> [EXERCISE REQUIREMENTS]:
All of the data is to be written out again exactly, without the pictures.

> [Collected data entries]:
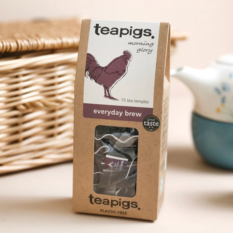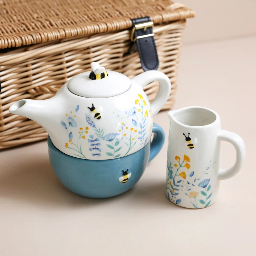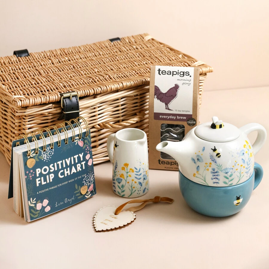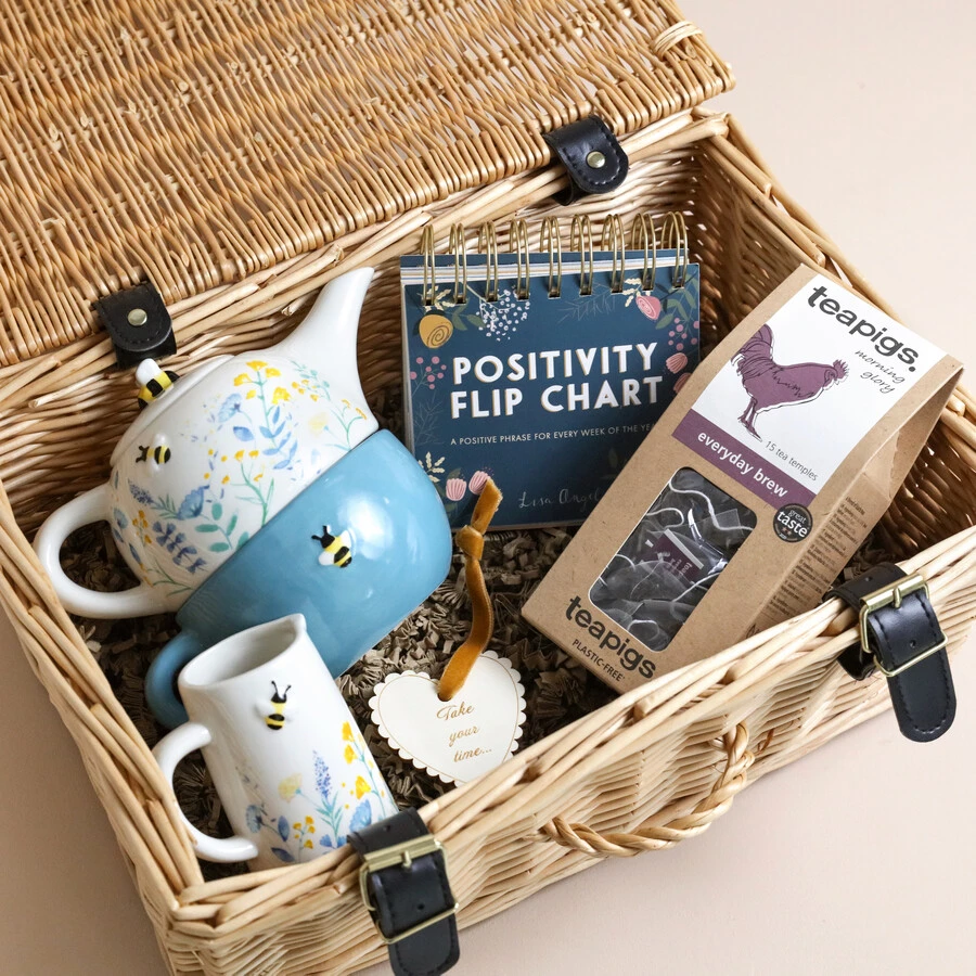 Inside a timeless wicker basket, you will find a sweet, cornflower blue individual teapot and mug set, decorated with little bumblebees and floral details. There is also a small milk jug in a sweet matching pattern for the perfect tea accompaniment. Simply brew the included Everyday Brew tea bags by Teapigs to enjoy a moment of peace.
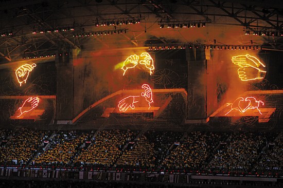 據(jù)了解,開幕式當(dāng)晚,當(dāng)場內(nèi)手語主持人用手語打出“媽媽我愛你”、“朋友我愛你”、“世界我愛你”時(shí),網(wǎng)幕焰火將在夜空中打出“生命”、“陽光”、“關(guān)愛”三組巨型手語圖案。作為首個(gè)手語煙花表演,這個(gè)獨(dú)特的創(chuàng)意來自哪里?黃剛告訴記者:“‘生命陽光,與愛同在’的理念來自胡錦濤總書記提出的‘讓關(guān)愛的陽光照亮每一位殘疾人的心靈’指示精神。說起手語,大家都會(huì)想起殘疾人,但是一般人對(duì)手語并不太了解,我希望這個(gè)煙花能夠激發(fā)人們對(duì)手語的好奇心,去了解手語,并關(guān)注殘疾人,進(jìn)而學(xué)會(huì)關(guān)愛殘疾人。”
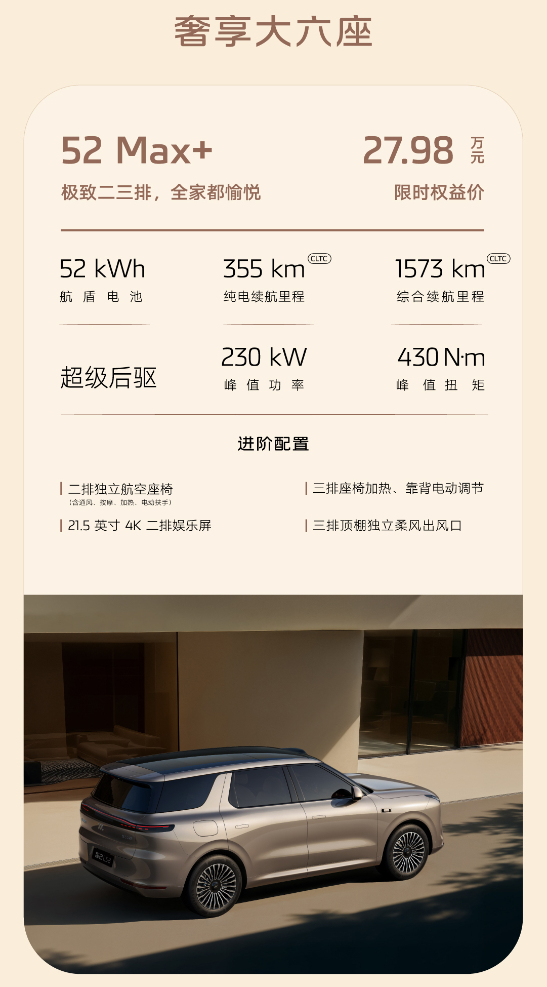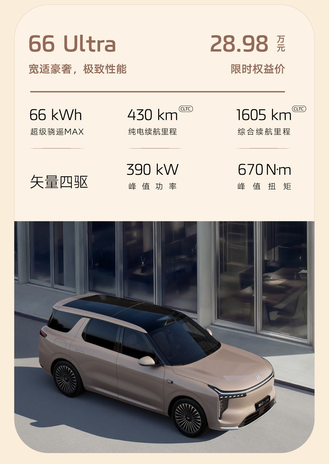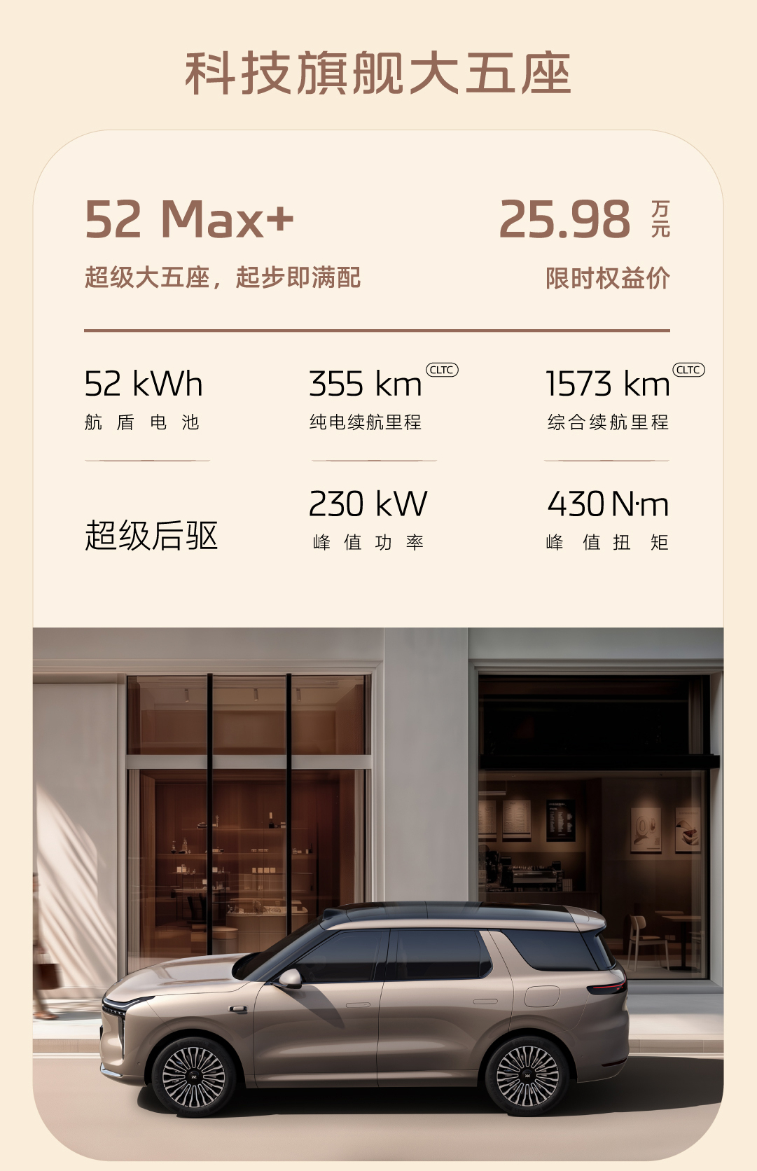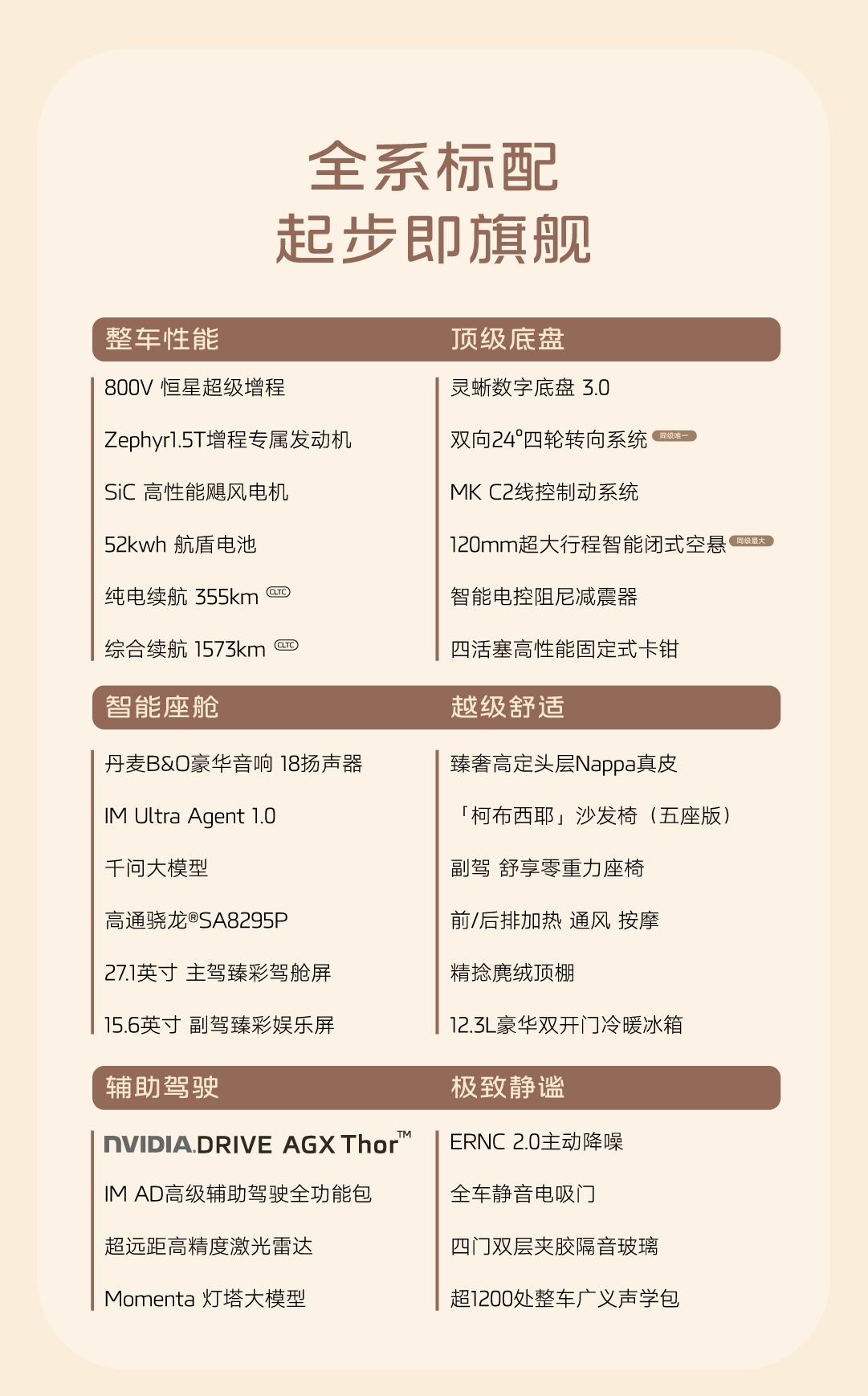 车长5米轴距3米,标配800V增程、全线控转向、空悬、后轮转向、BO音响、电吸门、激光雷达、高阶辅助驾驶…
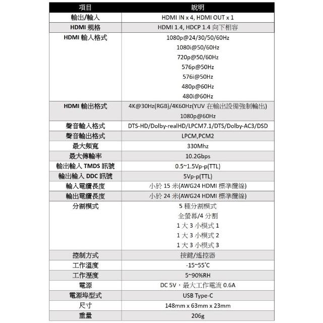 4K 四分割螢幕 分割器 HDMI 畫面 四進一出 1080p HDMI 畫面分割選擇器 4進1出 無縫 切換器
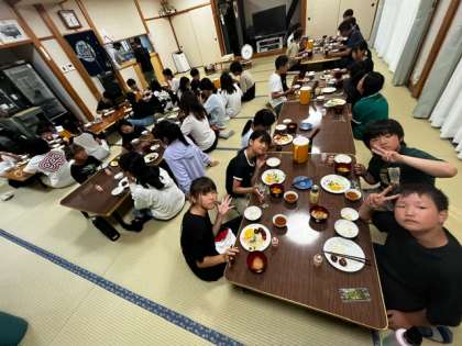 今日は登山やキャンプファイヤーもあるので、なるべくしっかり食べてくださいね!
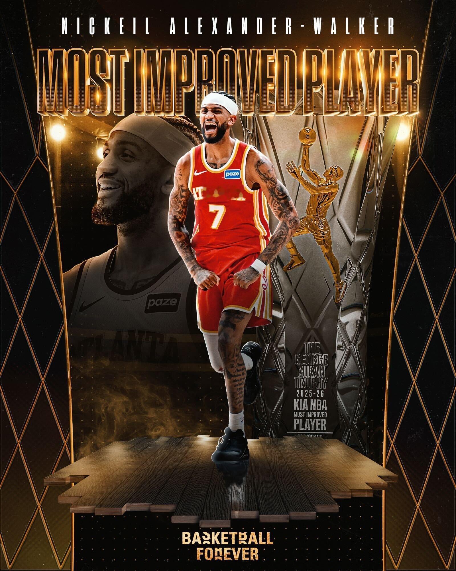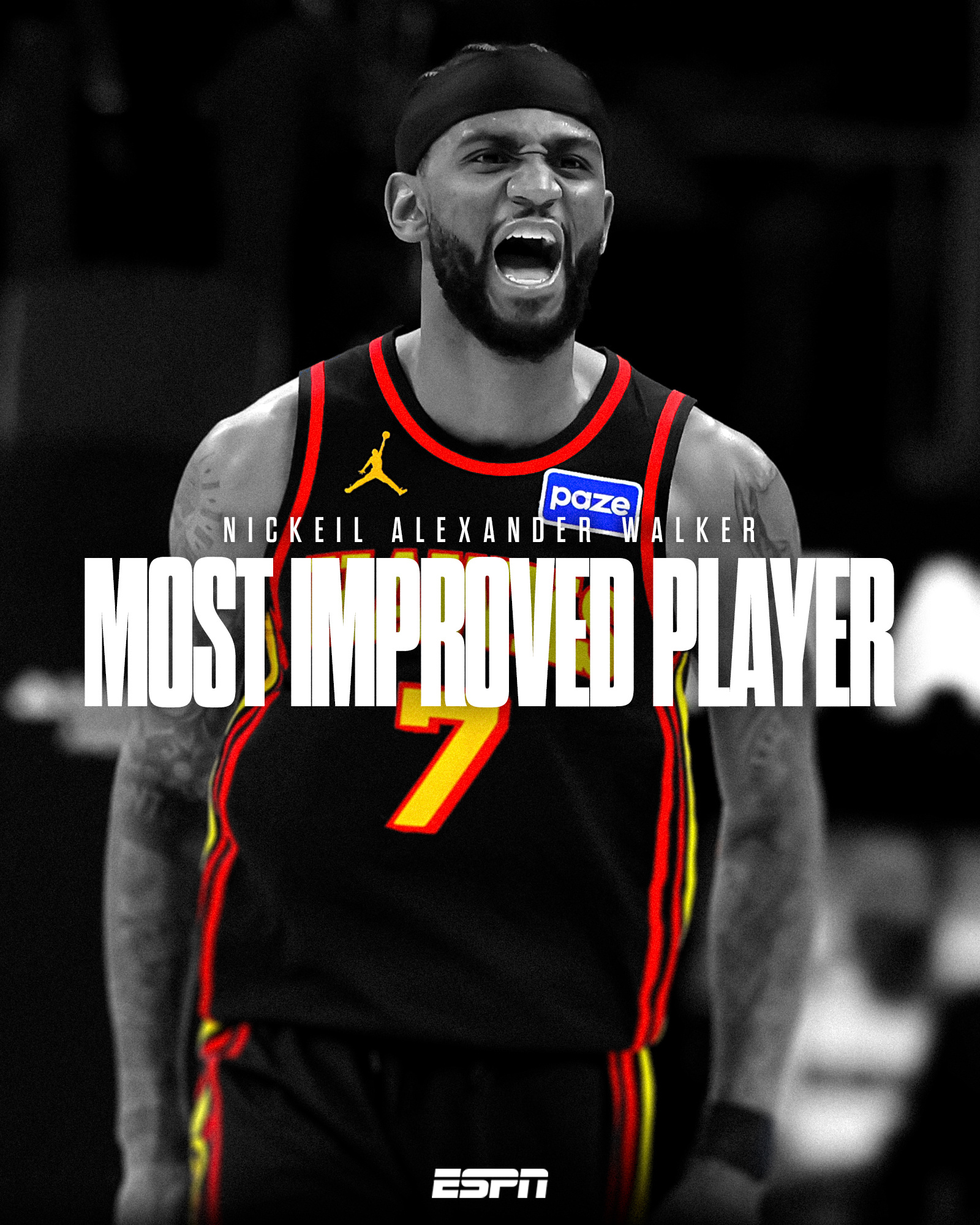 亚历山大-沃克当选进步最快球员,拿到了66张第一选票,老鹰也连续两个赛季拥有了进步最快球员。

> [EXPECTED OUTPUT]:
 Inside a timeless wicker basket, you will find a sweet, cornflower blue individual teapot and mug set, decorated with little bumblebees and floral details. There is also a small milk jug in a sweet matching pattern for the perfect tea accompaniment. Simply brew the included Everyday Brew tea bags by Teapigs to enjoy a moment of peace.
 據(jù)了解,開幕式當(dāng)晚,當(dāng)場內(nèi)手語主持人用手語打出“媽媽我愛你”、“朋友我愛你”、“世界我愛你”時(shí),網(wǎng)幕焰火將在夜空中打出“生命”、“陽光”、“關(guān)愛”三組巨型手語圖案。作為首個(gè)手語煙花表演,這個(gè)獨(dú)特的創(chuàng)意來自哪里?黃剛告訴記者:“‘生命陽光,與愛同在’的理念來自胡錦濤總書記提出的‘讓關(guān)愛的陽光照亮每一位殘疾人的心靈’指示精神。說起手語,大家都會(huì)想起殘疾人,但是一般人對(duì)手語并不太了解,我希望這個(gè)煙花能夠激發(fā)人們對(duì)手語的好奇心,去了解手語,并關(guān)注殘疾人,進(jìn)而學(xué)會(huì)關(guān)愛殘疾人。”
 车长5米轴距3米,标配800V增程、全线控转向、空悬、后轮转向、BO音响、电吸门、激光雷达、高阶辅助驾驶…
 4K 四分割螢幕 分割器 HDMI 畫面 四進一出 1080p HDMI 畫面分割選擇器 4進1出 無縫 切換器
 今日は登山やキャンプファイヤーもあるので、なるべくしっかり食べてくださいね!
 亚历山大-沃克当选进步最快球员,拿到了66张第一选票,老鹰也连续两个赛季拥有了进步最快球员。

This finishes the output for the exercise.